Social video app Triller will receive up to $310 million from Global Emerging Markets (GEM).
The Los Angeles-based company has had a troubling few months, but the new raise comes as the company plans to go public by the end of the year. The $310 million investment will come in equity capital for 36 months after the company goes public. Triller will draw from the investment as it sees fit and will issue stock to GEM on each drawdown.
“Triller has been growing tremendously,” Triller CEO and Chairman Mahi de Silva said in a statement. “At our inception in 2019, we were a zero-revenue company; now we are on track to break $100 million in revenue this year.”
The new funds will go towards making acquisitions and rounding out Triller’s offerings for creators. Triller currently owns streaming platform Verzuz, sports brand Triller Fight Club and streaming service FITE.tv.
The cash infusion comes on the tail of an agreement between Triller and TikTok to drop their warring patent lawsuits. Last week, the company settled a $28 lawsuit from Timbaland and Swizz Beatz, who claimed that Triller missed payments while in the process of buying Verzuz.
Still, even that wasn’t the first time the company failed to hand out cash. Universal Music Group removed its artists from the app after Triller did not pay the musicians before they finally reached an agreement. Sony is also suing Triller for copyright infringement after—again—missing payments.

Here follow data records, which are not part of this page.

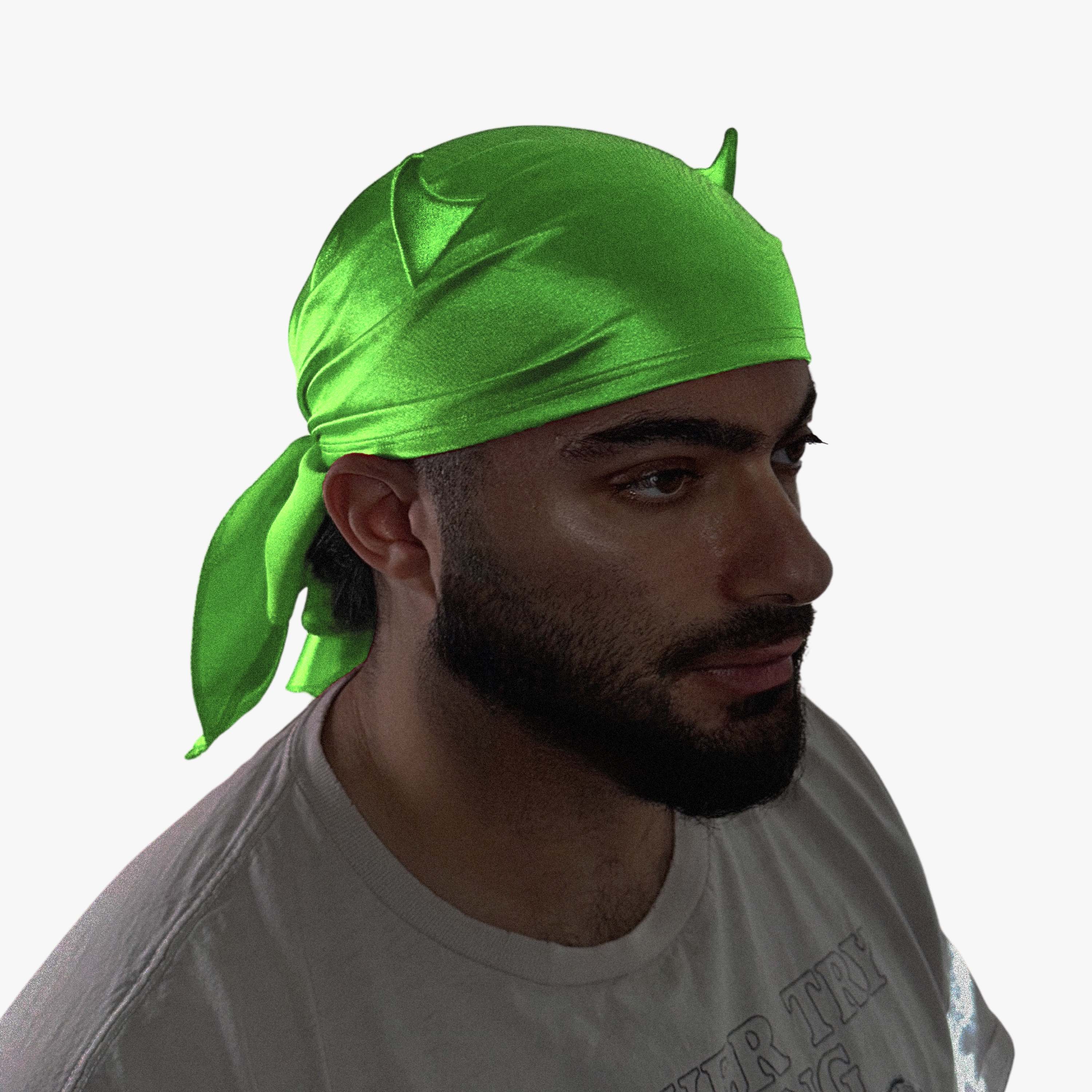 Make a statement with the Horny Bandana, available in satin-like neon green. Crafted from soft, breathable spandex, this bandana blends comfort with bold style. Featuring stitched devil horns, it takes a classic accessory and gives it a mischievous twist. Whether you’re at a festival, party, performance, or just want to add playful energy to your look, the Horny Bandana is designed to turn heads and spark conversation.
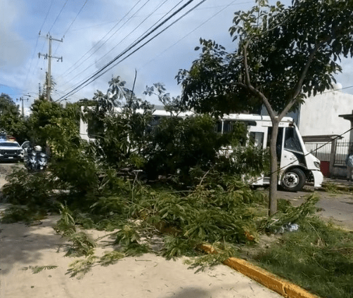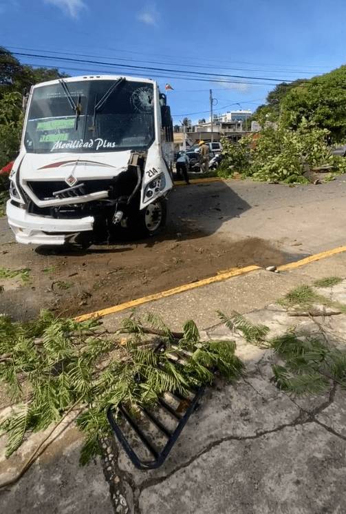 El conductor, identificado como José Fernando Ramírez, perdió el control de la unidad, que avanzó unos 15 a 20 metros y se subió al camellón, derribando dos árboles de raíz antes de detenerse en el carril contrario con daños significativos en la parte frontal.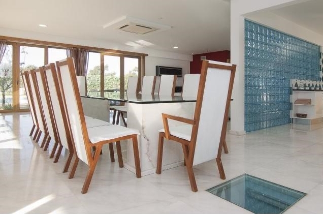 Behind the house are located saltwater pool surrounded by gardens and lawns, and a wooden deck.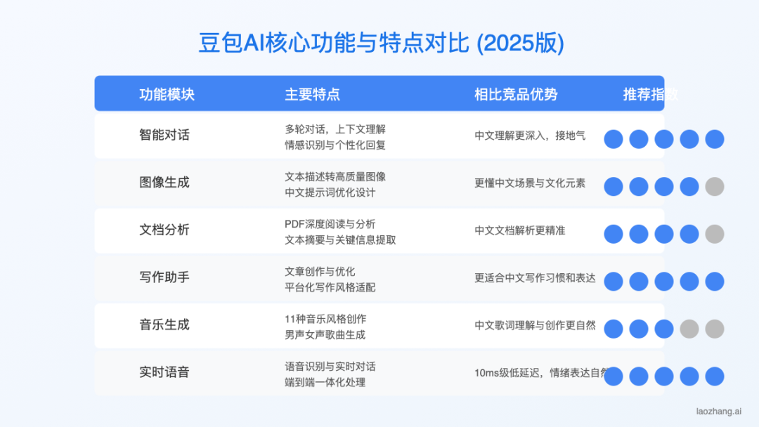 2023年8月豆包APP上线,首批只提供文本对话与基础图像生成能力。此后,字节延续过往“快速验证、快速开发、快速推新”的流水线模式,2024年5月新增文档上传与要点提炼功能。2024年底加入了实时语音交互、高级AI音乐创作等功能。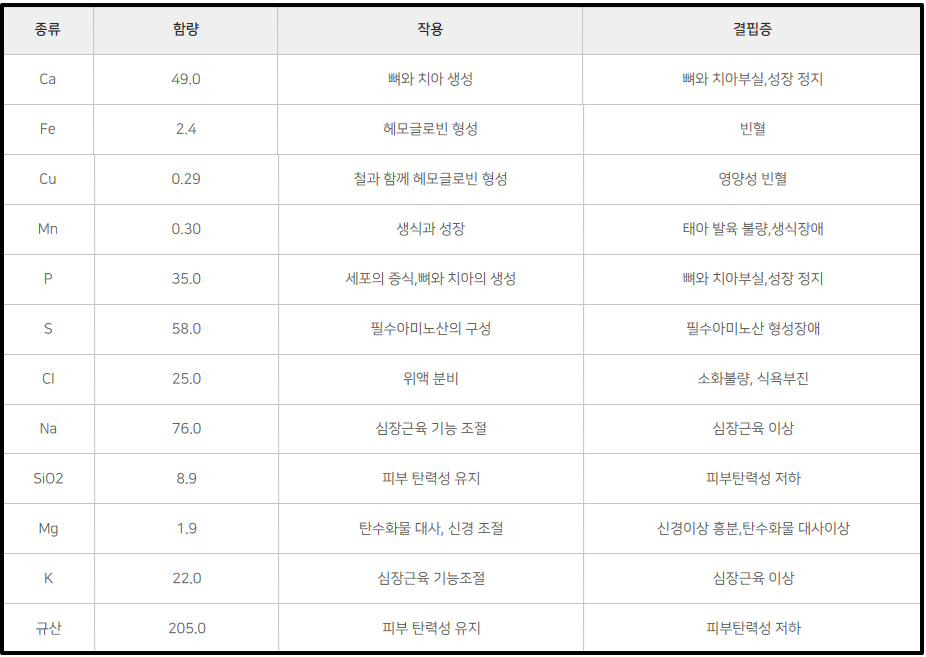 위 성분을 요약하며 포도당, 과당, 자당, 올리고당, 17종의 아미노산, 10종의 비타민, 12종의 미네랄, 유기산,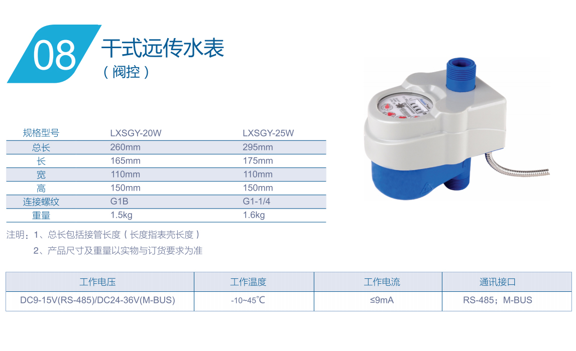 產品展示  ——  有線遠傳水表系列   ——   干式遠傳水表(閥控)
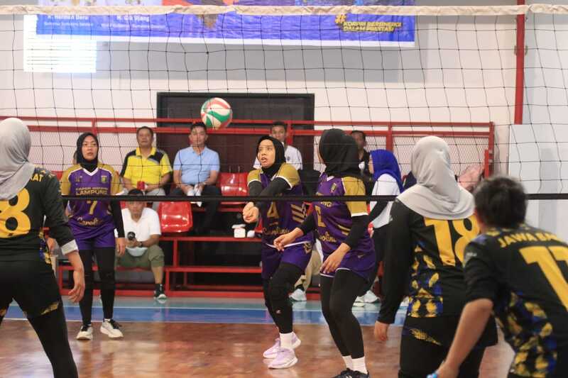 PALEMBANG — Tim bola voli putri Lampung memastikan langkahnya menuju babak delapan besar dalam ajang Pekan Olahraga Nasional Korps Pegawai Republik Indonesia (Pornas Korpri) XVII yang digelar di GOR Aneka Pertamina Plaju, Palembang, Rabu (8/10/2025).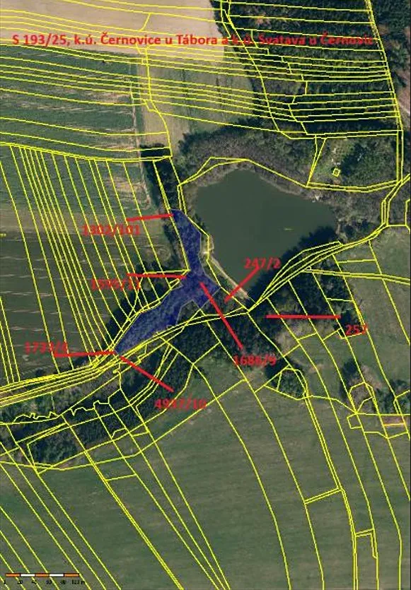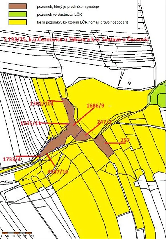 Jedná se o prodej 3 lesních pozemků v k.ú. Černovice u Tábora (p.č. 1302/101, p.č. 1595/11, p.č. 1686/9), dále 2 pozemků ostatní plochy v k.ú. Černovice u Tábora (p.č. 1733/4, p.č. 4937/10) a 2 lesních pozemků v k.ú. Svatava u Černovic (p.č. 247/2 a p.č. 257), nacházejících se východně od obce Černovice vedle rybníka Váberov, obklopených pozemky jiných vlastníků, špatně přístupné a roste na nich mladý smíšený les.

Outside the legal landscape, a number of Triller’s Black creators claim that the company did not follow through on promised payments. Triller offered 300 Black creators $4,000 per month to post on the app, but many claim they received either less than the agreed amount or nothing at all. Triller refutes these allegations and maintains that it fulfilled its financial commitments.
As if all this weren’t enough, Triller is also facing the fact that TikTok, their primary competitor, has come to dominate the short-form video space: TikTok has one billion users compared with Triller’s 65 million.
Having already abandoned a planned reverse merger in favor of direct listing, the new funding may help Triller make up for its $700 million in losses last year—and it could help them pay some people they owe money to.